Editorial - (2022) Volume 9, Issue 1
Date of Submission: 01-Jan-2022, Manuscript No. bset-21-34112;
Editor assigned: 04-Jan-2022, Pre QC No. P-34112;
Reviewed: 06-Jan-2022, QC No. Q-34112;
Revised: 12-Jan-2022, Manuscript No. R-34112;
, DOI: 10.37421/bset.2022.9.121
Citation: Jerrells, Thomas R. “Biomedical System Importance.” J Biomed Syst Emerg Technol 9 (2022): 121. DOI: 37421/bset.2022.9.121
Copyright: © 2022 Jerrells TR. This is an open-access article distributed under the terms of the Creative Commons Attribution License, which permits unrestricted use, distribution, and reproduction in any medium, provided the original author and source are credited.
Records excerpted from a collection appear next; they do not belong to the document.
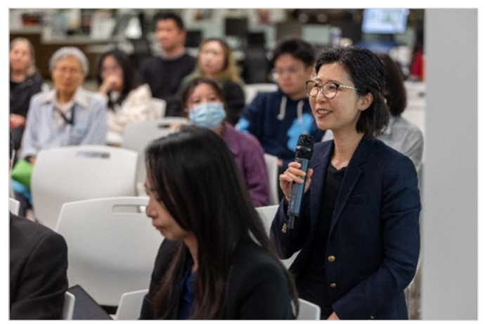
Above: An audience member asking a question during the Q & A
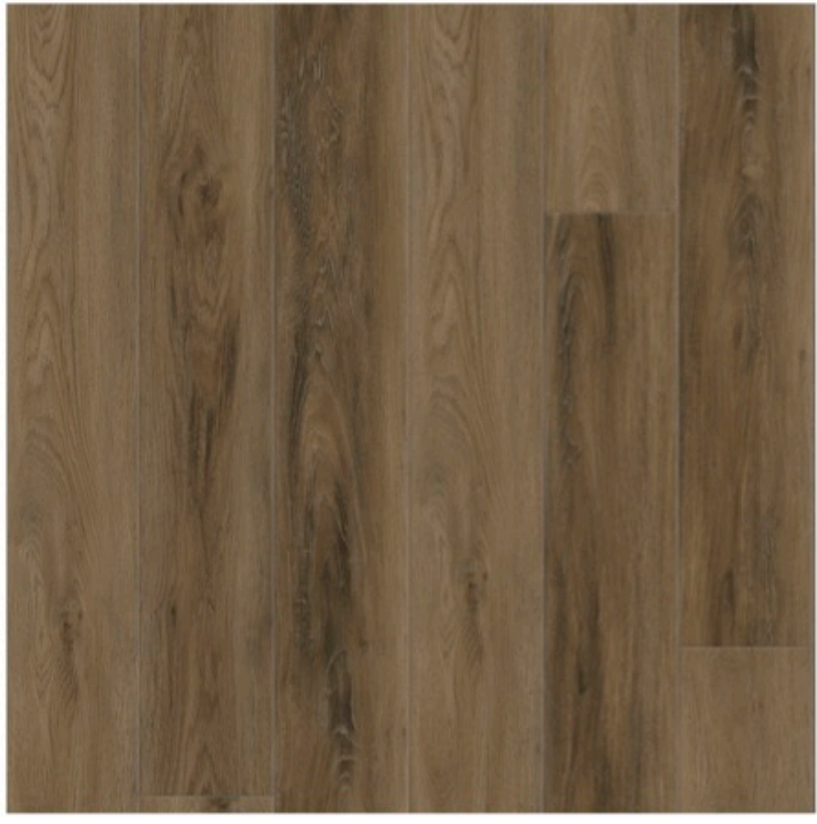
GEN 820 HAYWARD
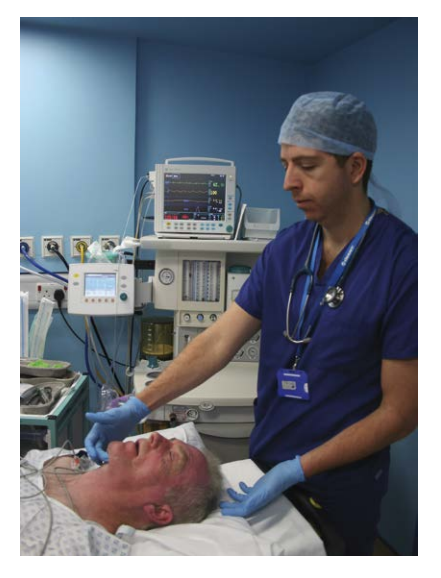
Shortly after the anaesthetic has started (left) and in the operating theatre (below)

Anaesthetic drugs are injected into a vein, or anaesthetic gases are given for the patient to breathe. These drugs stop the brain from responding to sensory messages travelling from nerves in the body.
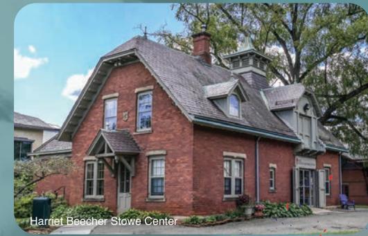
Harriet Beecher Stowe Center
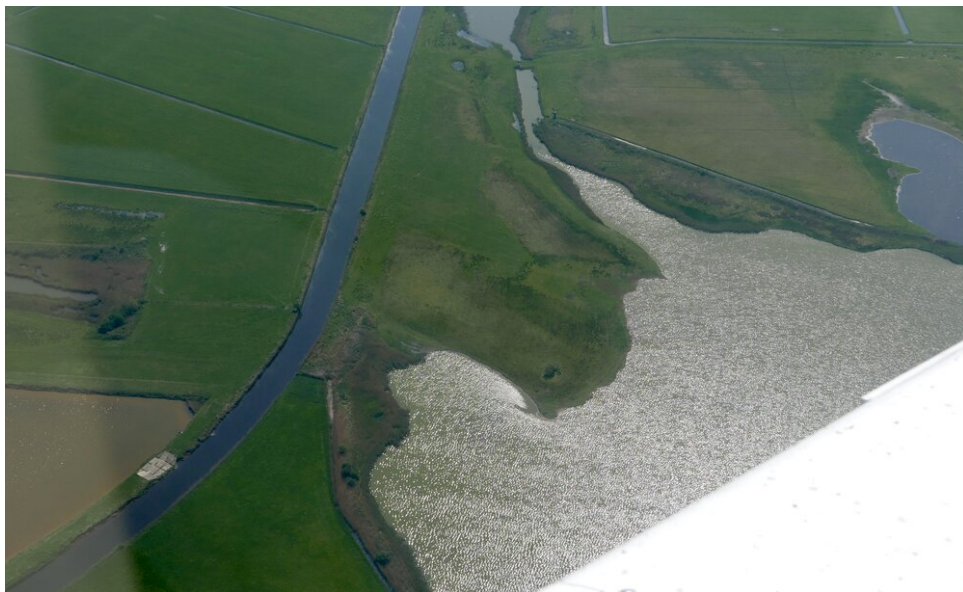
Westerkolk reflecting the sun light at Texel
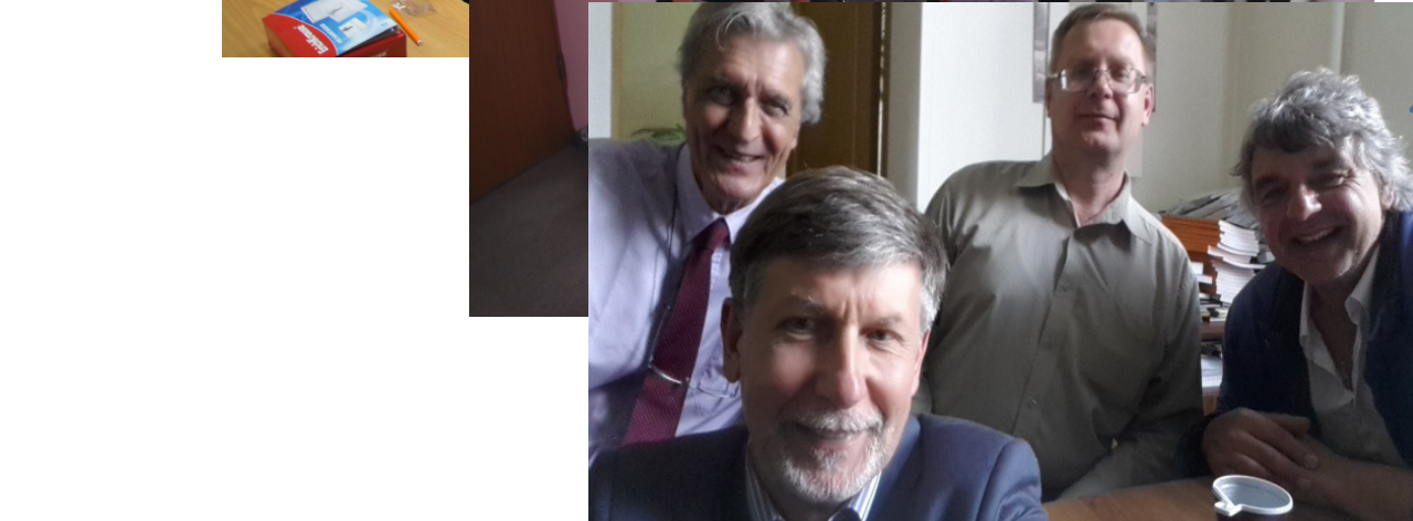
The RCE project team
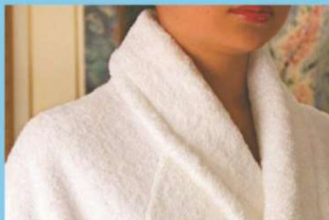
100% cotton luxury bathrobes

Terry bathrobes Waffle bathrobes Velor bathrobes
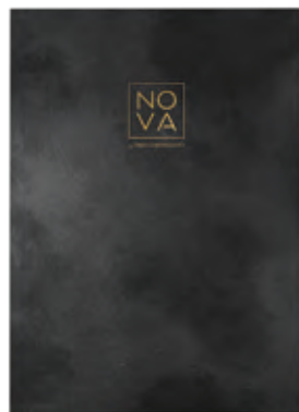
NOVA Range Showcasing a range of bespoke styles, the Nova brochure presents our modern kitchens in their most exclusive form.
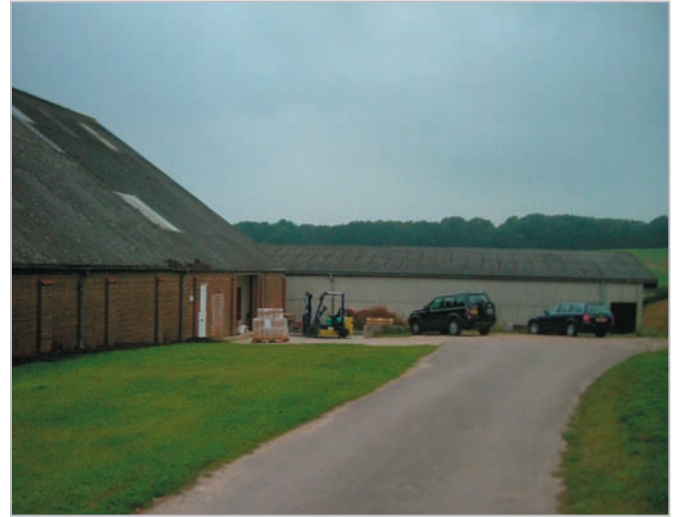
Modern farm buildings are prominent.
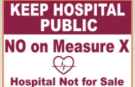
NO on Measure X NO a la Medida X

Biomedical system is an up-and-coming discipline at the convergence of computing and the life sciences aimed at the development of technologies for extracting, storing, visualizing, analysing and interpreting biological information, which is really an interconnected field. Not only have advances in computing assisted the increase in the speed of the process of data generation, but the need to process and analyse this immense amount of information has led to advances in both software technologies such as visualization and hardware architectures. Furthermore, there is significant interest in Bioinformatics from researchers in medicine. Recent developments in Biomedical Visualization have led to an explosive growth in biological information. Biomedical Visualization is being generated faster than it can be analysed and utilized. This special issue of the International Journal of Visual Languages and Computing highlights recent research results in this field of Biomedical Visualization. The visualization techniques related to bioinformatics range from methods of generating 3D renderings of protein structures to creating maps of the physical location of genes. For example, for the visualization of nucleotide sequence data and protein structure data, these techniques can make Bioinformatics applications more easily understood and learnt. Visualization is one of the most active areas of research and development in Bioinformatics, in particular, Biomedical Visualization. The aim of the Asia-Pacific Bioinformatics Conference is to provide an international forum for researchers, professionals and industrial practitioners to share their knowledge of how to surf this tidal wave of information and data. The Asia-Pacific Bioinformatics Conference series is intended to be an annual forum for exploring research, development and novel applications in Bio medical systems.
In response to the First Asia-Pacific Bioinformatics conference Call for Papers, which was disseminated globally, we received 61 papers from 20 countries in Asia (Armenia, China, Hong Kong, India, Japan, Korea, Singapore, Taiwan and Thailand), America (USA, Canada), Europe (France, Germany, Ireland, Italy, Sweden and UK), New Zealand and Australia. The papers contained in this special issue were selected from among the papers presented at the First Asia-Pacific Bioinformatics conference. All the papers are revised and extended versions of those presented and have been reviewed again through rigorous peer review process for this special issue. The paper entitled ‘‘The Visualization and Measurement of Left Ventricular Deformation using Finite Element Models’’ applied to the visualization technique that is used in solid mechanics and fluid dynamics to two biomedical data sets. It can obtain a new insight into the mechanics of the healthy and diseased left ventricle. This also facilitates the understandings of the complex deformation of the heart muscle. The use of tensor ellipsoids, streamlines and hyper streamlines make it possible to visualize complex deformation behaviour in a single image. Line integral convolution uncovers the presence of degenerate points at which the principal strains suddenly change direction. Further investigations are necessary to find the relationship between degenerate points, fibre structure and the ventricular anatomy. Furthermore, authors explore their significance for diagnosing heart diseases. Visualizing a ventricle with dilated cardiomyopathy showed that the deformation of the lateral wall resembles most closely the expected motion, whereas the septal wall behaved almost contrary to the expected deformation. The combined effect of these deformations seems to be a pumping action by shape deformation rather than by contraction. The visualizations and measurement performed in this paper demonstrated the usefulness of their visualization toolkit for exploring biomedical models.
This article explains techniques for visualizing and evaluating biomedical finite element models and demonstrates their application to biomedical data sets by using an example of two models of a healthy and a diseased human left ventricle. The paper entitled ‘‘Visual Comparison of Metabolic Pathways’’ discussed how the visual comparison of pathways across different species can be very useful for scientists by offering new insight into the different metabolic processes. However, visual interfaces to databases do not support such tasks very well. Authors have presented a new approach for the visual comparison of pathways which uses a graph drawing algorithm. Using horizontal constraints, identical parts of similar pathways in different species are placed on the same horizontal layers, thereby highlighting similarities and differences between these pathways. This visualization method has been tested with data obtained from the Bio Path system and the KEGG database. The presented approach supports different drawing styles and offers a user-friendly [1-5].